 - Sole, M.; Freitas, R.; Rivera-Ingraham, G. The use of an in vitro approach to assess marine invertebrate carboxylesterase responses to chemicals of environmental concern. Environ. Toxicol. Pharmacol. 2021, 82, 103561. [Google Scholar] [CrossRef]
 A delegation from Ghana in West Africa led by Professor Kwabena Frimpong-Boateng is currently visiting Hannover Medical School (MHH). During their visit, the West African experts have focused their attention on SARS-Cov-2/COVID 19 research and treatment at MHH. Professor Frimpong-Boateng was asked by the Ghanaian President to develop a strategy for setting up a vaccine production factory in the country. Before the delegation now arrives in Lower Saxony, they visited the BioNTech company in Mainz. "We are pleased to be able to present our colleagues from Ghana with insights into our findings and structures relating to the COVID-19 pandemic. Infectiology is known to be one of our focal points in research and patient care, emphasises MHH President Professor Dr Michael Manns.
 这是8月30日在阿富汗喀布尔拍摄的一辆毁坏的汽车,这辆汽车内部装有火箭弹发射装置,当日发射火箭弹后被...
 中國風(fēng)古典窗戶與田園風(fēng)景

...

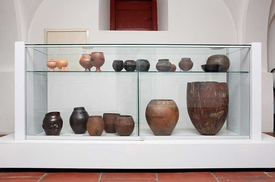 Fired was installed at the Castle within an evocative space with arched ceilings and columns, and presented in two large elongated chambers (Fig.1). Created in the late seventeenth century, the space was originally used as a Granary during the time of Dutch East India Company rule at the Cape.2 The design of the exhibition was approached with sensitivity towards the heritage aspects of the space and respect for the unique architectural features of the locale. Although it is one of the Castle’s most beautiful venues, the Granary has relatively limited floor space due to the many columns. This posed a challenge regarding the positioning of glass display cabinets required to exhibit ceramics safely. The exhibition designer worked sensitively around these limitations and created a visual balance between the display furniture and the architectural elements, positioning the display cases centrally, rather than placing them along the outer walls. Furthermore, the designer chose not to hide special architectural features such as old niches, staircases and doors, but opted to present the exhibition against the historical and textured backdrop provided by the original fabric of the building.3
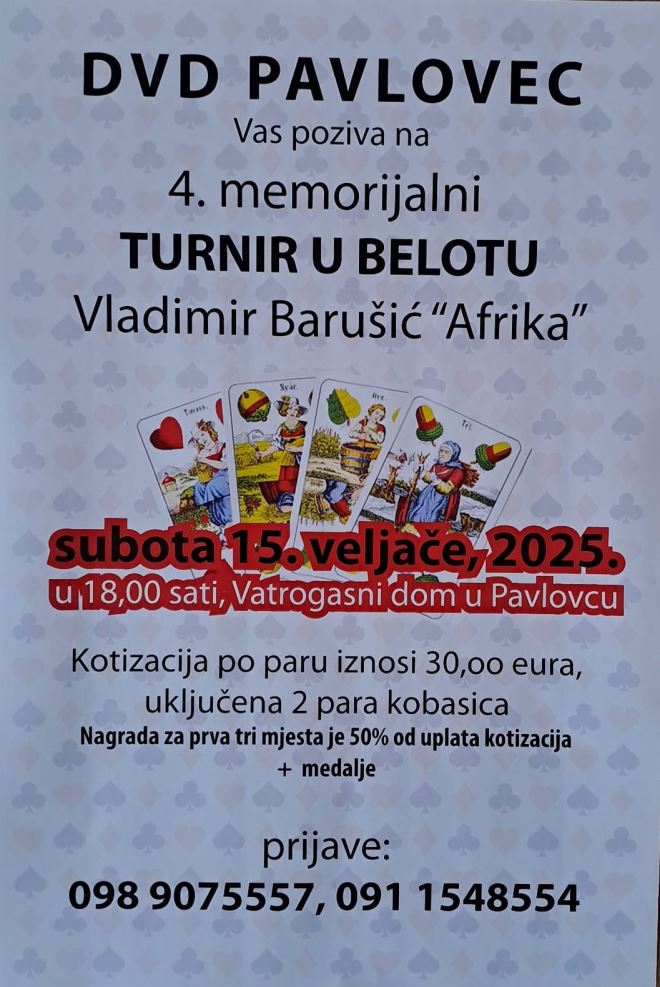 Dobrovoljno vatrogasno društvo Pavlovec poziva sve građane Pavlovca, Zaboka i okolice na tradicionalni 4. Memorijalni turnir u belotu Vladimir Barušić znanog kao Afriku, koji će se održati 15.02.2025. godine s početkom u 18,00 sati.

▶ **EXERCISE DETAILS**:
Working from the records above, write out verbatim only the lines from the line containing "- Sole, M.;" through the line containing "中國風(fēng)古典窗戶與田園風(fēng)景".

▶ **SOLUTION TO THIS PROBLEM**:
 - Sole, M.; Freitas, R.; Rivera-Ingraham, G. The use of an in vitro approach to assess marine invertebrate carboxylesterase responses to chemicals of environmental concern. Environ. Toxicol. Pharmacol. 2021, 82, 103561. [Google Scholar] [CrossRef]
 A delegation from Ghana in West Africa led by Professor Kwabena Frimpong-Boateng is currently visiting Hannover Medical School (MHH). During their visit, the West African experts have focused their attention on SARS-Cov-2/COVID 19 research and treatment at MHH. Professor Frimpong-Boateng was asked by the Ghanaian President to develop a strategy for setting up a vaccine production factory in the country. Before the delegation now arrives in Lower Saxony, they visited the BioNTech company in Mainz. "We are pleased to be able to present our colleagues from Ghana with insights into our findings and structures relating to the COVID-19 pandemic. Infectiology is known to be one of our focal points in research and patient care, emphasises MHH President Professor Dr Michael Manns.
 这是8月30日在阿富汗喀布尔拍摄的一辆毁坏的汽车,这辆汽车内部装有火箭弹发射装置,当日发射火箭弹后被...
 中國風(fēng)古典窗戶與田園風(fēng)景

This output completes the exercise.